Desire Me

Desire Me (MGM, George Cukor) exhibits many of the trends of the postwar cinema, with a complicated flashback structure, in which Greer Garson's character Marise, tells the story of waiting for her husband Paul (Robert Mitchum) to return from war only to hear of his death from a war compatriot, Jean, who tries to woo Marise in her loneliness. It's an unusual love triangle in which tense and geography separate Paul and Marise for much of the film. Within Marise's flashback, there are objective scenes that Marise did not witness as well as subjective flashbacks from both Marise and Jean. There are also a couple of points of subjunctive voiceover, in which the image does not serve as the past of the voice but rather as the enactment of it.

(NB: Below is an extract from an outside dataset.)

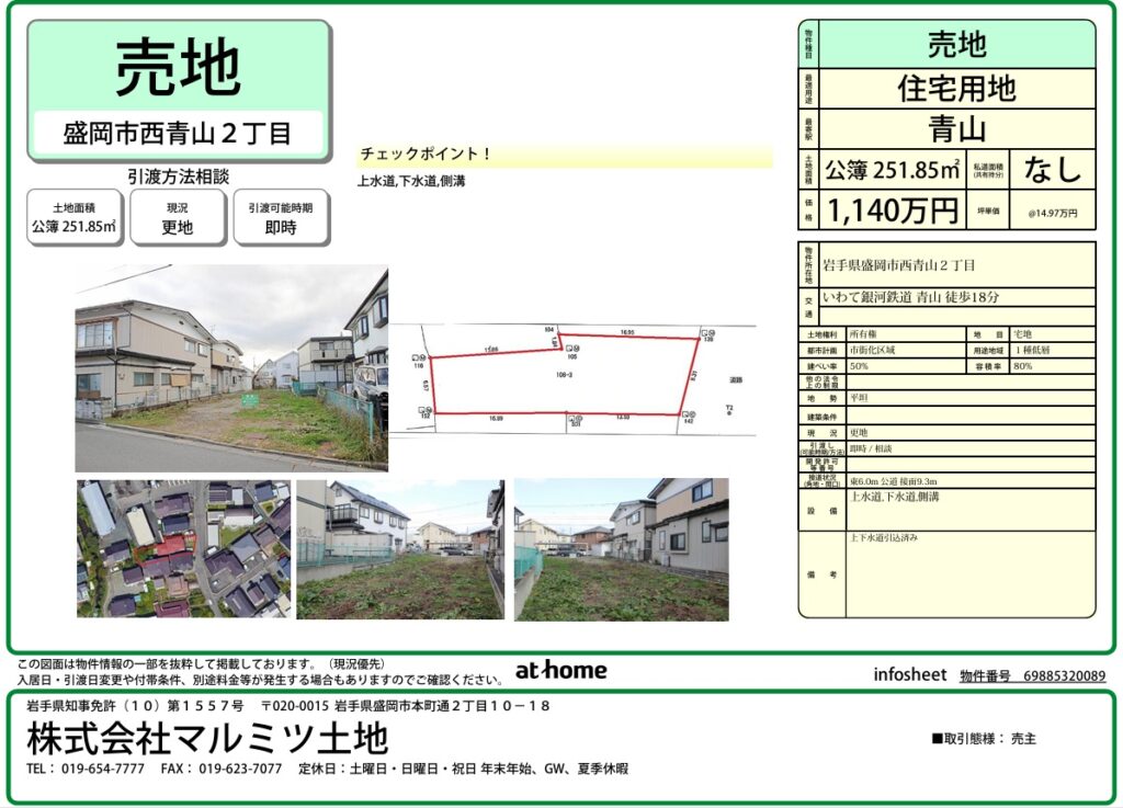 • 西青山二丁目住宅用地 1,140万円
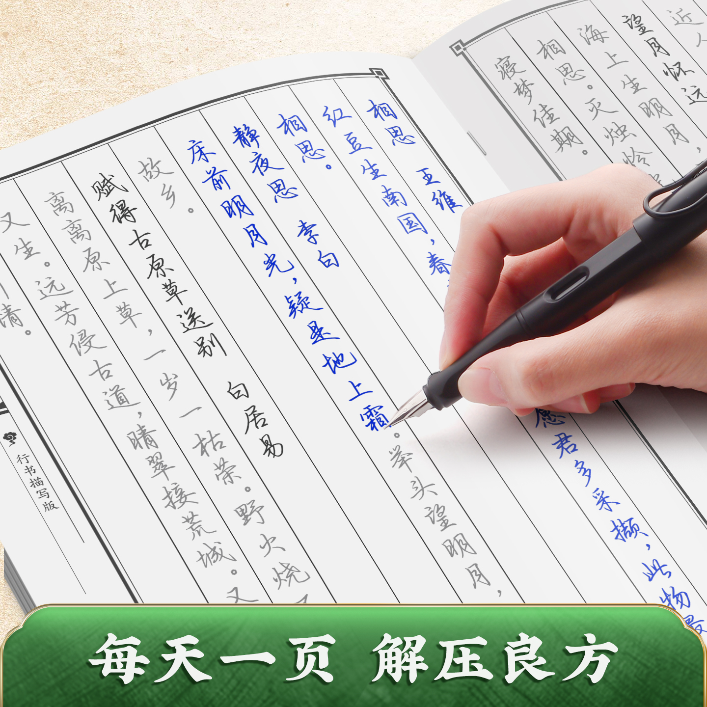 华夏万卷初练行书字帖成人练字国学经典 唐诗宋词道德经硬笔行书练字帖中学高中大学生速成初学者描红本行楷钢笔书法纸

Where a film like The Unfaithful makes explicit the soldier's wife's adultery as part of a larger issue of wartime dislocation and postwar readjustment, Desire Me does so implicitly, often through the visual look of the film, which oscillates between I Know Where I'm Going-like invocations of Brittany...

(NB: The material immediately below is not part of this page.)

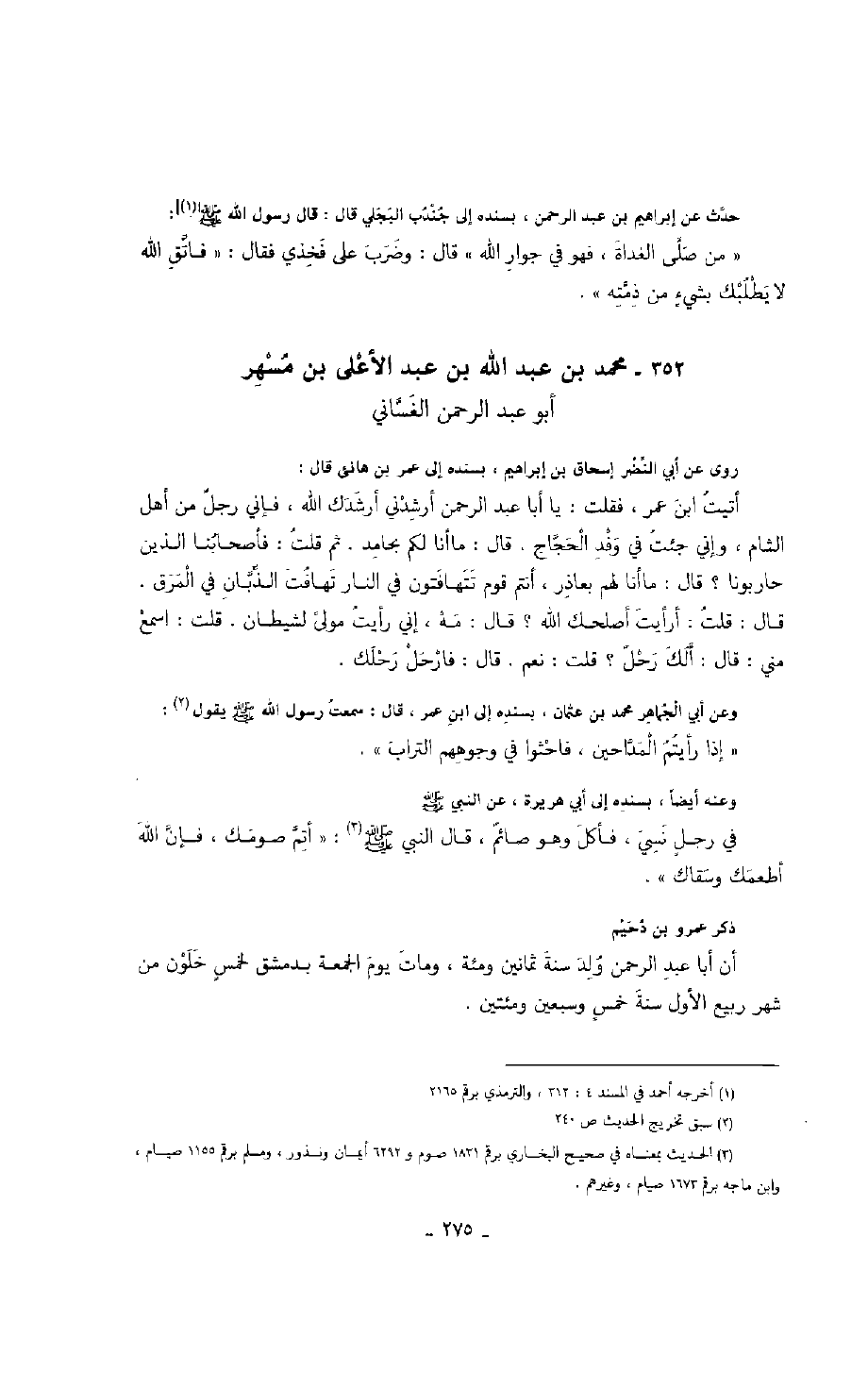 حدث عن إبراهيم بن عبد الرحمن، بسنده إلى جندب البجلي قال: قال رسول الله صَلَّى اللهُ عَلَيْهِ وَسَلَّمَ: " من صلى الغداة، فهو في جوار الله " قال: وضرب على فخذي فقال: " فاتق الله لا يطلبك بشيء من ذمته ".

to newsreel documentary...

French poetic realism...

and finally a stylized low-key "action" style - see for instance a scene between Paul and Jean which avoids usual coverage and cross cutting in favor of complementary and oblique framing.



I'm not sure if this is Joseph Ruttenberg trademark style, but it's notable in a Cukor romantic drama.

The shift in visual style as well as the flashback structure and the star images of Garson and Mitchum (an unlikely pair) serve to invoke and contain wartime dislocation. Moreover, I'd read this film as yet another attempt at MGM invoking topical and "modern" sensibility within the constraints of studio house style and genre preference.